Using Deep Learning in Identifying Network Intrusions
Dr. Rajeev Agrawal
Information Technology Laboratory
US Army Engineer Research and Development Center
10:30-11:30 Monday, February 11, 2019, ITE325
Deep Learning algorithms have been very successful in computer vision, natural language processing, and speech recognition. However, there is a big challenge in applying it in cyber security domain due to non‐availability of ‘real’ cybersecurity data. Many researchers have tried using synthetic data such as KDD‐NSL or newer UNSW-NB15 network intrusion datasets, however, it is difficult to determine the performance of the proposed research on a dataset captured from an enterprise network. The DoD’s High Performance Computing Modernization Program (HPCMP) operates Defense Research Engineering network (DREN), which has multiple security software and hardware tools installed across the network. A variety of cybersecurity logs are captured using these tools. We use a TensorFlow based framework to analyze DREN’s Bro alert data generated under Cybersecurity Environment for Detection, Analysis and Reporting (CEDAR) project. These alerts are marked as bad or normal by the cybersecurity analysts and used as ground truths. This labeled data is used to measure the performance of our approach in identifying network intrusions. We are able to achieve high level accuracy by tuning hyper-parameters used in any deep learning approach. In this presentation, we will discuss the results of our approach which harnesses the power of HPC systems to train our proposed model.
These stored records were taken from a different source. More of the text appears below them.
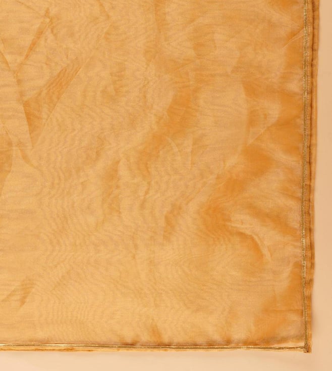Mustard silk blend kurta with beautiful hand embroidery ethnic motif on the body along with beautiful lace work on th neck is perfect for this festive season. Pair it with matching pant and Organza lace dupatta along with matching earrings to close the look.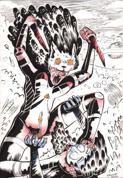 Une femme indigène attaque un homme bleu en pleine forêt, avec deux pieux. Elle porte un masque de chat dont les yeux ont été remplacés par des étoiles.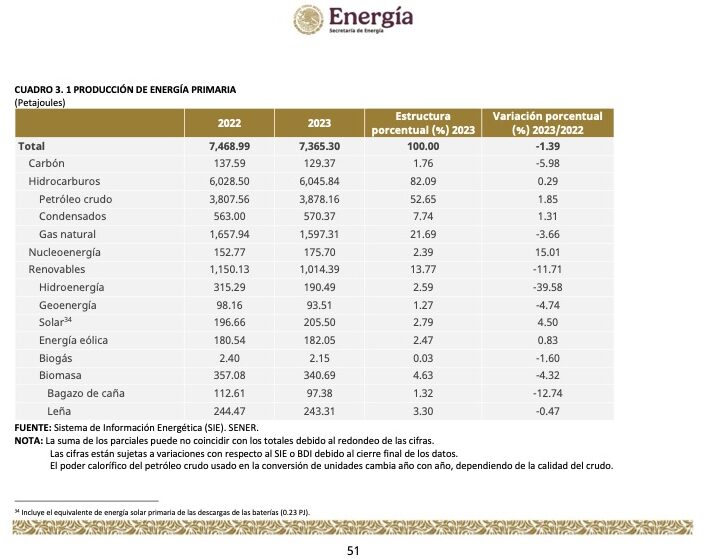 La leña y el bagazo de caña aportaron, en 2023, el 33.58% de la energía producida bajo la clasificación “energía renovable”, según las estadísticas de la Secretaría de Energía (Sener) en su publicación anual Balance de Energía (ver imagen). En contraste, por ejemplo, la energía solar representó el 20%, la eólica 17% y la geotermia 9.2%. Esto significa que, juntas, la leña y el bagazo (bajo la categoría “biomasa”) representan la proporción más importante del total de la energía clasificada como renovable.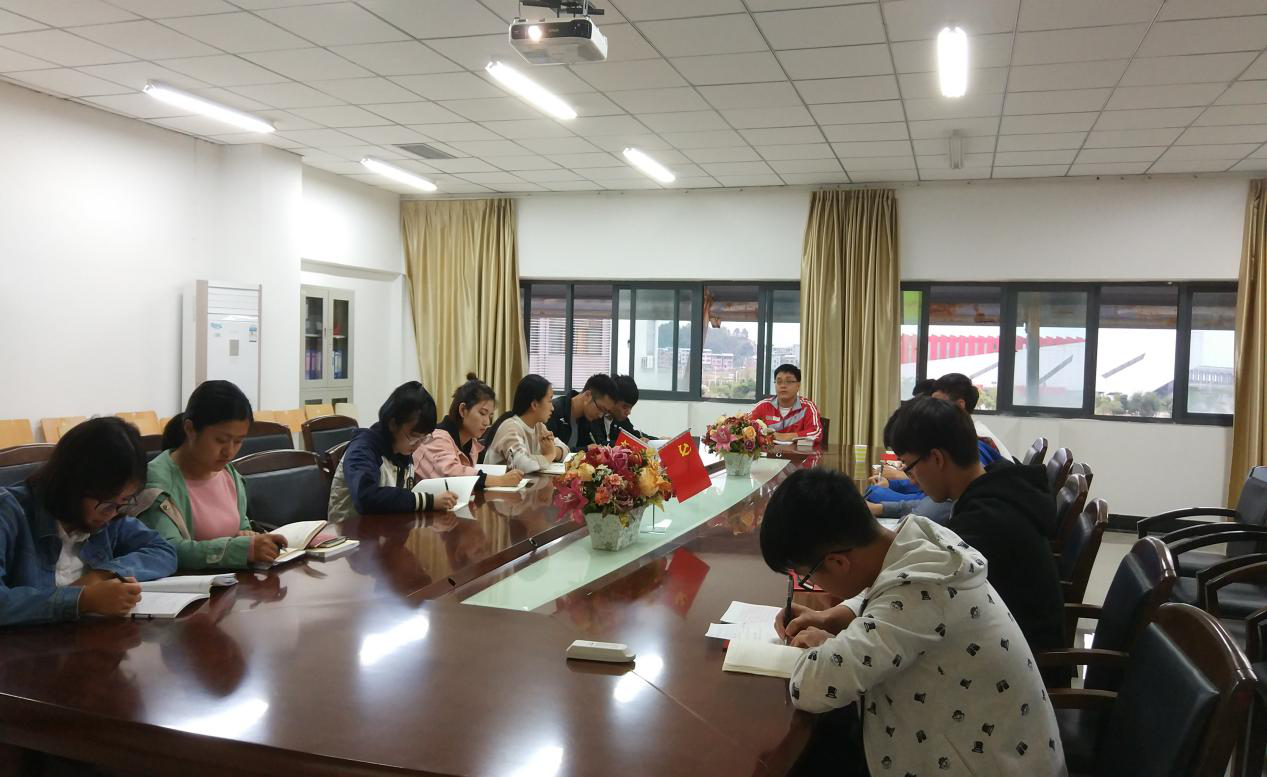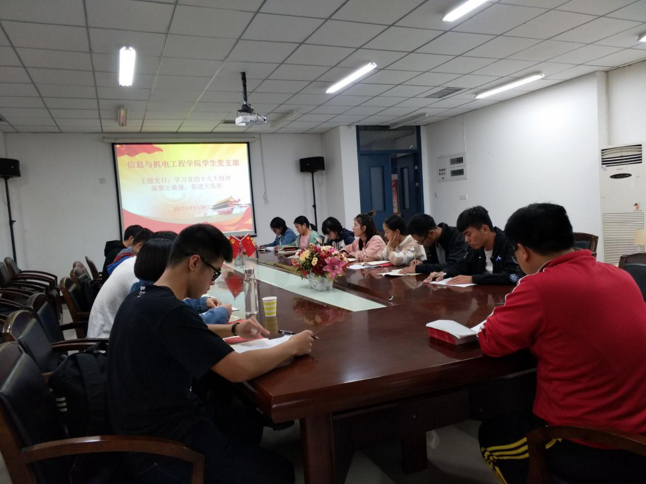为进一步统一思想、凝聚共识,教育引导信息与365英国官网登录入口机电系学生党支部全体党员不忘初心、牢记使命,把十九大精神转化为强大动力。2017年11月14日下午,机电系学生党支部全体师生党员在求是楼DA408会议室参加了“学习党的十九大精神,凝聚正能量,促进大发展”主题党日活动。

Dr. Rajeev Agrawal joined Cyber Engineering and Analysis branch (CEAB), Information Technology Laboratory in 2016. He is the Data Science lead of the High Performance Computing Architecture (HPC) for Cyber Situational Awareness (HACSAW) Project. The goal of this project is to analyze the cybersecurity data captured across Defense Research and Engineering Network (DREN). He is also a member of the HPC-based deep learning project team and exploring deep learning applicability in cybersecurity domain. Dr. Agrawal received his Ph.D. in Computer Science with minor in Engineering from Wayne State University in 2009. Prior to joining ITL, he was an Associate Professor in the Department of Computer Systems Technology at North Carolina A&T State University. Dr. Agrawal’s research interests include Deep Learning, Cyber Security, SCADA/ICS, Machine Learning and Pattern Recognition. He has published more than 80 technical papers and book chapters in refereed conferences and journals in these areas. He was selected a Data Science Fellow by the National Consortium of Data Science (NCDS) in 2014. His research has been funded by NSF, US Army, John Deere, ACM, RedHat, National Consortium of Data Science and Michigan State University.